TASK –
Pictures excluded, reproduce exactly the lines below from the one with "Numbers below refer" through the one with "Contudo, o tráfego", both included.

DATA PROVIDED –

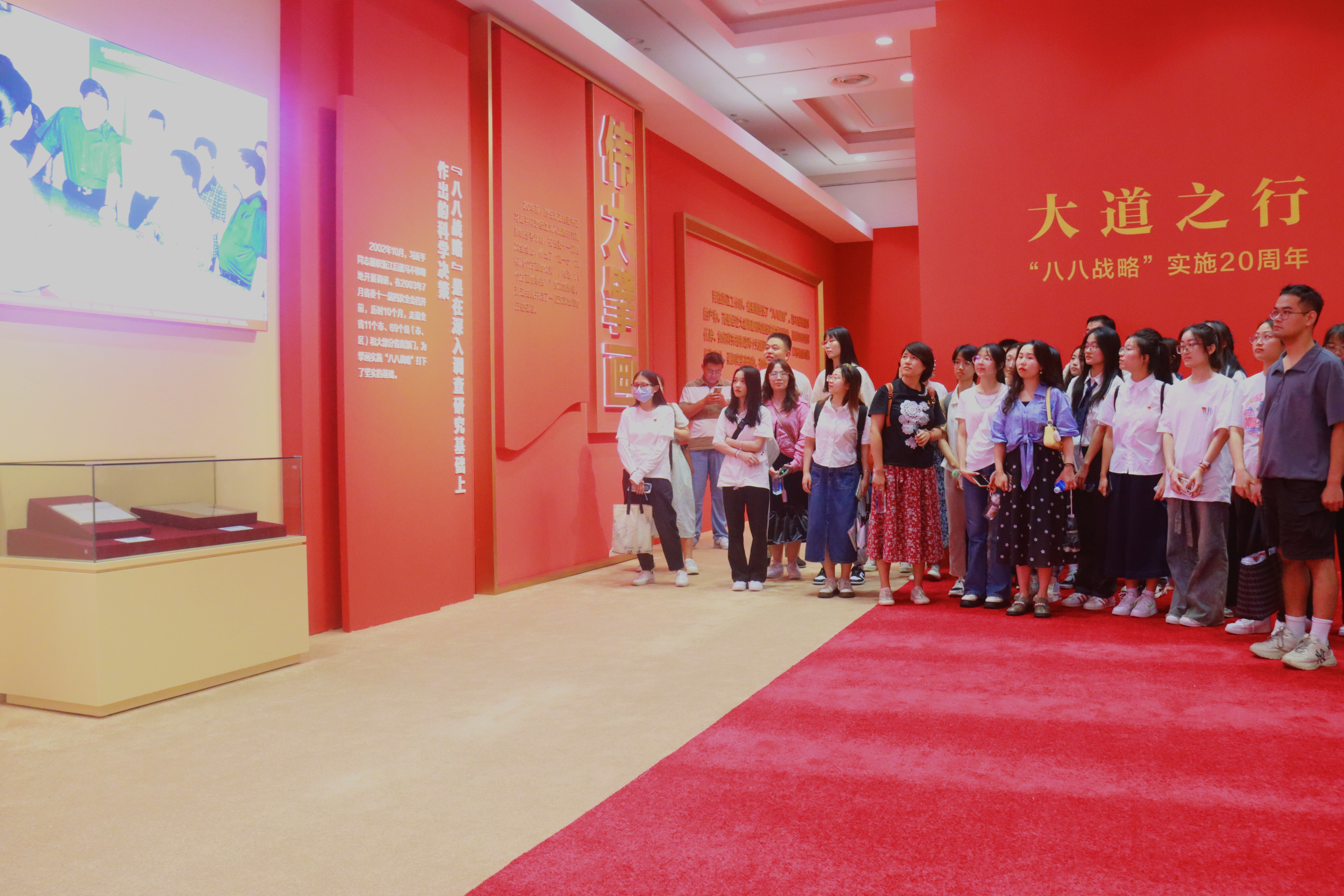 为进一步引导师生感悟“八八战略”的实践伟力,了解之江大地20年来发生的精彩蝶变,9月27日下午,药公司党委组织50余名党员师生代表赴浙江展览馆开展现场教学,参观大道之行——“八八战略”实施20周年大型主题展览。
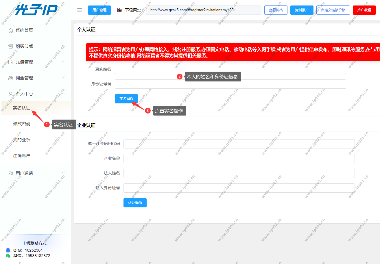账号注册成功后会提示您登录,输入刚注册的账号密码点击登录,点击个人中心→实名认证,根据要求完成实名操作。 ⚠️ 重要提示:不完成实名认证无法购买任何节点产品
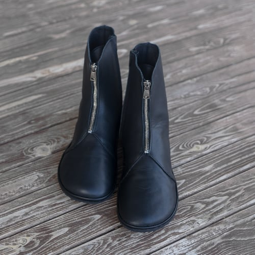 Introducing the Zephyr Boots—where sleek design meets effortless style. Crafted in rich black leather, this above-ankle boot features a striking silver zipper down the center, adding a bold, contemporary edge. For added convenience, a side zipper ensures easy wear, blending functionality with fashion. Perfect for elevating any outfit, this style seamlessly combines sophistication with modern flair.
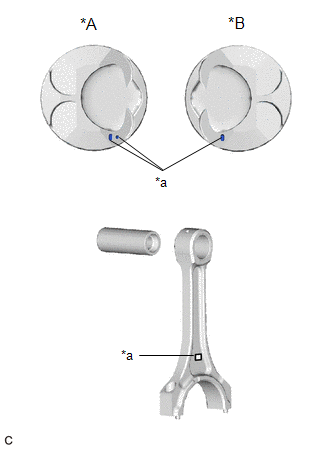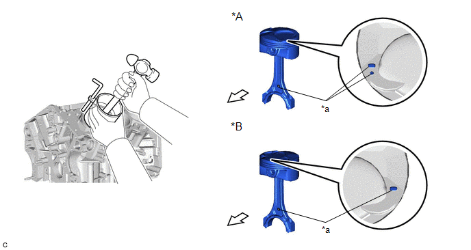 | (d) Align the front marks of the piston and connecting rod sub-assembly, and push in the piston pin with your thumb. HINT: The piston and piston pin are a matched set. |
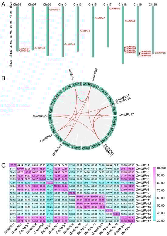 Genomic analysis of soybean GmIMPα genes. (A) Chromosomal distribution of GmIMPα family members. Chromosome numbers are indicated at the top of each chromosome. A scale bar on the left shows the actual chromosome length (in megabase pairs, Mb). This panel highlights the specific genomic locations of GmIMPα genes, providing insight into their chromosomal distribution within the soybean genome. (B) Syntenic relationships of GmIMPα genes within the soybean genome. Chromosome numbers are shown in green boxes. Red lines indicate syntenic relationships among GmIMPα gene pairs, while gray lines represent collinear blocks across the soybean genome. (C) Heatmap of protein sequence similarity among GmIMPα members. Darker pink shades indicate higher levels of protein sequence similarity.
...
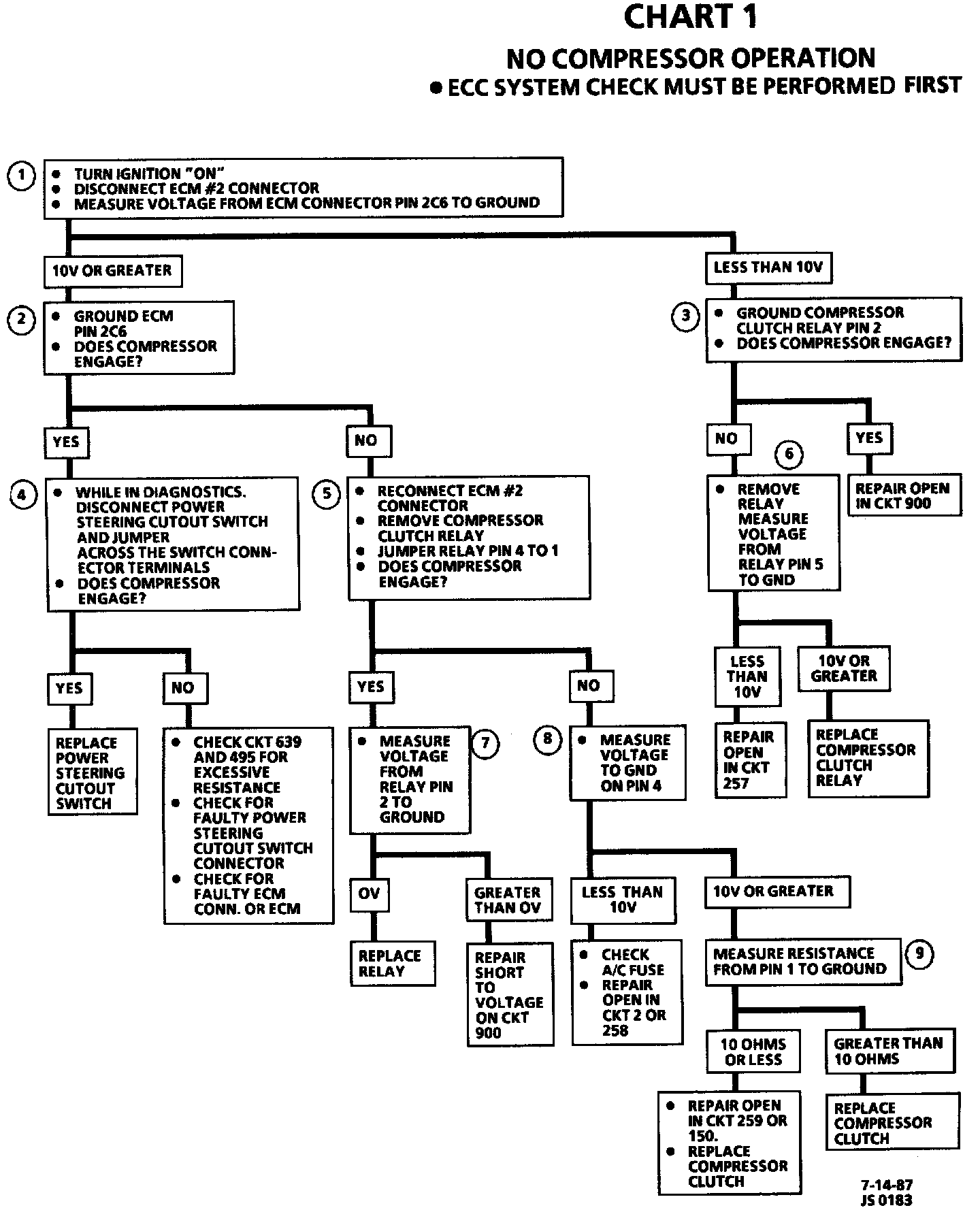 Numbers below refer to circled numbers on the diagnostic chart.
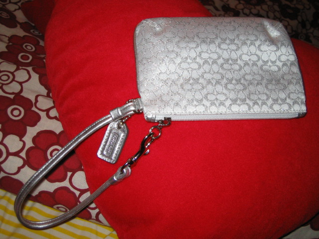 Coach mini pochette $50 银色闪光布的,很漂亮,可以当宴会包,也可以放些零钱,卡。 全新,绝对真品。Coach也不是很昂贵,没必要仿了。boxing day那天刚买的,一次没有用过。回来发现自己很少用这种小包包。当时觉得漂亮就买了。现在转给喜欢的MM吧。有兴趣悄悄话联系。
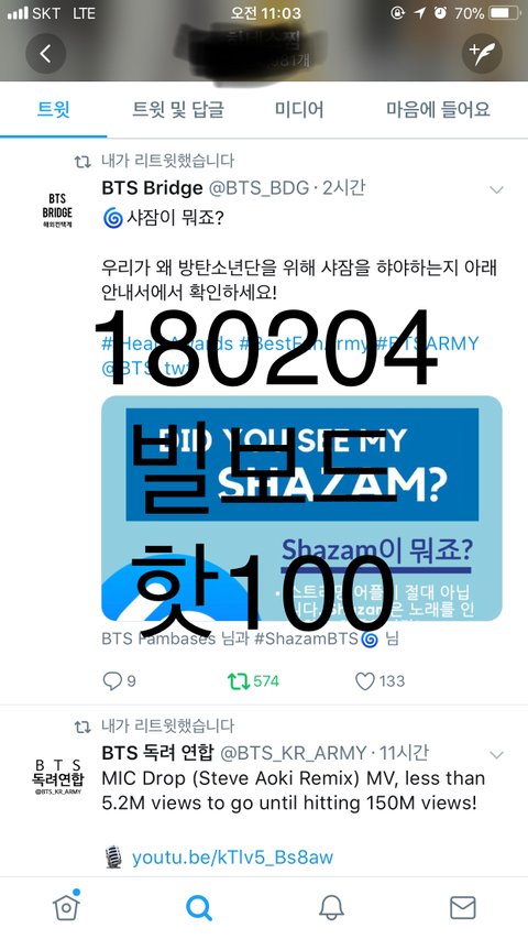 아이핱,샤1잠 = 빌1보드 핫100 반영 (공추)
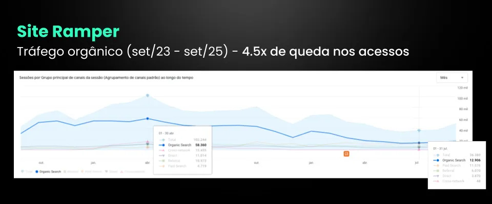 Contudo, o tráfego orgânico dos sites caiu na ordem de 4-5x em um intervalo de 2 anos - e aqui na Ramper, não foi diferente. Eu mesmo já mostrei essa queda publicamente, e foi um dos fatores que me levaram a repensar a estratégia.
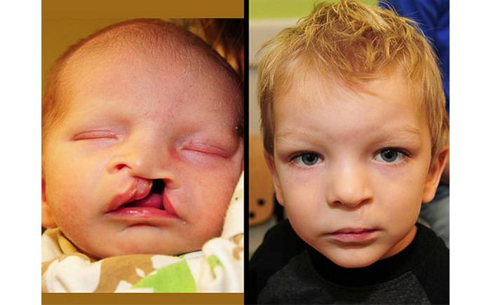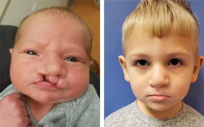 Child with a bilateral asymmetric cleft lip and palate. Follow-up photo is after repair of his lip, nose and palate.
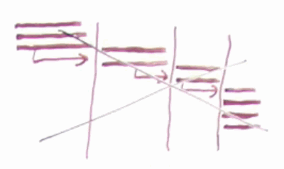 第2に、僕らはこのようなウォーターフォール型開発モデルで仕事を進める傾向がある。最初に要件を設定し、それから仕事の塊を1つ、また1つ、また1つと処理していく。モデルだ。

RESPONSE TO THE TASK –
 Numbers below refer to circled numbers on the diagnostic chart.
 Coach mini pochette $50 银色闪光布的,很漂亮,可以当宴会包,也可以放些零钱,卡。 全新,绝对真品。Coach也不是很昂贵,没必要仿了。boxing day那天刚买的,一次没有用过。回来发现自己很少用这种小包包。当时觉得漂亮就买了。现在转给喜欢的MM吧。有兴趣悄悄话联系。
 아이핱,샤1잠 = 빌1보드 핫100 반영 (공추)
 Contudo, o tráfego orgânico dos sites caiu na ordem de 4-5x em um intervalo de 2 anos - e aqui na Ramper, não foi diferente. Eu mesmo já mostrei essa queda publicamente, e foi um dos fatores que me levaram a repensar a estratégia.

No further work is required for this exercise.